According to Luxembourg Bio-Technology proprietary synthetic process, acetic acid is not used during the Oxyma Pure ® production, therefore no termination occurs during the synthesis.
| SPPS | Solution | |
| Coupling reagent | DIC, TBEC | DIC, EDC-HCl, TBEC, DCC |
| Protection | Fmoc/tBu | Fmoc/tBu, Z/tBu, Boc/Bn |
| Solvent | DMF, NBP, NOP, NMP, Me-THF, NBP-EtOAc (1:4), DMSO/2-Me-THF (2:8), DMSO/EtOAc (1:9), γ-Valerolactone (GVL) | DMF, Polar clean® |
| Stoichiometry (a) | AA-OxymaPure-Carbodiimide 3:3:3 | Protected-AA-EDC·HCl-OxymaPure |
| Fmoc Deprotection | 20% piperidine in DMF | |
| Coupling time | 2-5 min (microwave, heating), 30 min-1h RT | |
| Linker | Wang, Rink Amide, Sieber Amide, Ramage Amide, SASRIN, 2-CTC | - |
| Resin | Polystyrene (PS), TentaGel, Polyethylenglycol (PEG)-PS, ChemMatrix®, Li-resin | - |
a In both SPPS and in solution, the coupling can be carried out using in-situ activation or pre-activation.
In the in-situ mode, the protected amino acid and the OxymaPure are first added to the amino peptide and then the carbodiimide is added.

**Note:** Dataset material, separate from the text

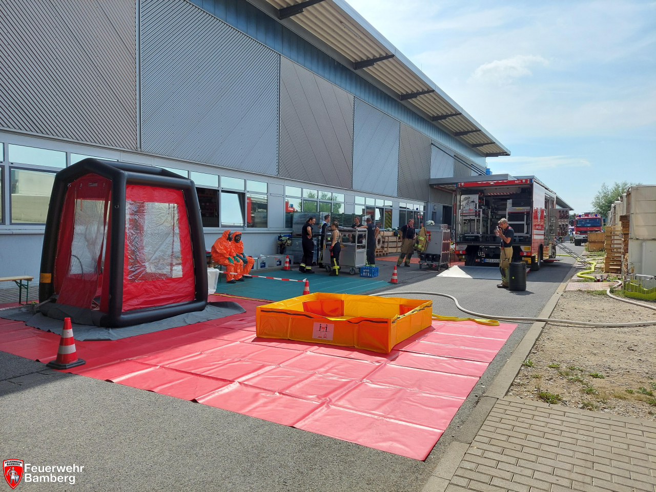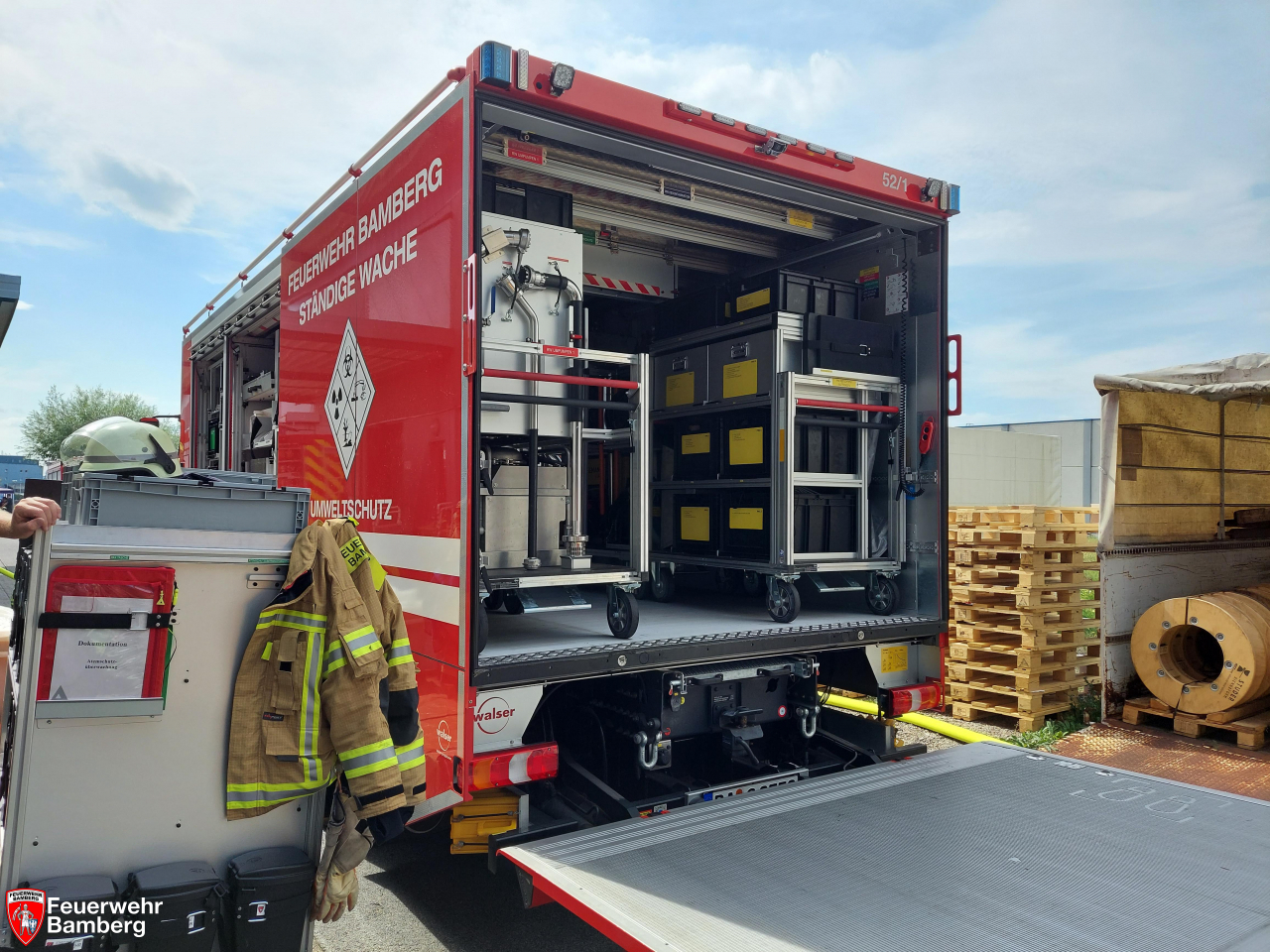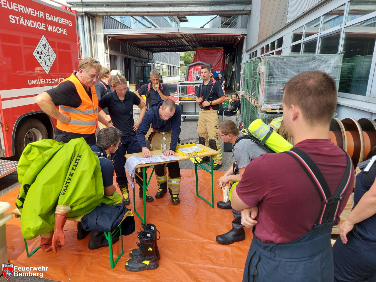 Die Einsatzleitung verschaffte sich kurz ein Bild der Lage und ließ umgehend den Gefahrgutzug der Feuerwehr Bamberg nachalarmieren.

In the pre-activation mode, the protected amino acid, the OxymaPure, and the carbodiimide are left to react for 2-5 min and then the mixture is added to the amino component.
When possible the in-situ activation renders better yields. For the incorporation of protected Cys is better to use preactivation to minimize racemization.
Combination of OxymaPure® with other coupling reagents
To improve the efficiency of HBTU and PyBOP, it is recommended to add OxymaPure® to the reaction. In this case, the active specie will be the OxymaPure ester which is more reactive than the OBt ester.
OxymaPure® Compatibility with automated synthesis
OxymaPure® is compatible for use in automated synthesizers including microwave-assisted synthesis. OxymaPure®/DIC combination is stable at 900C of microwave conditions.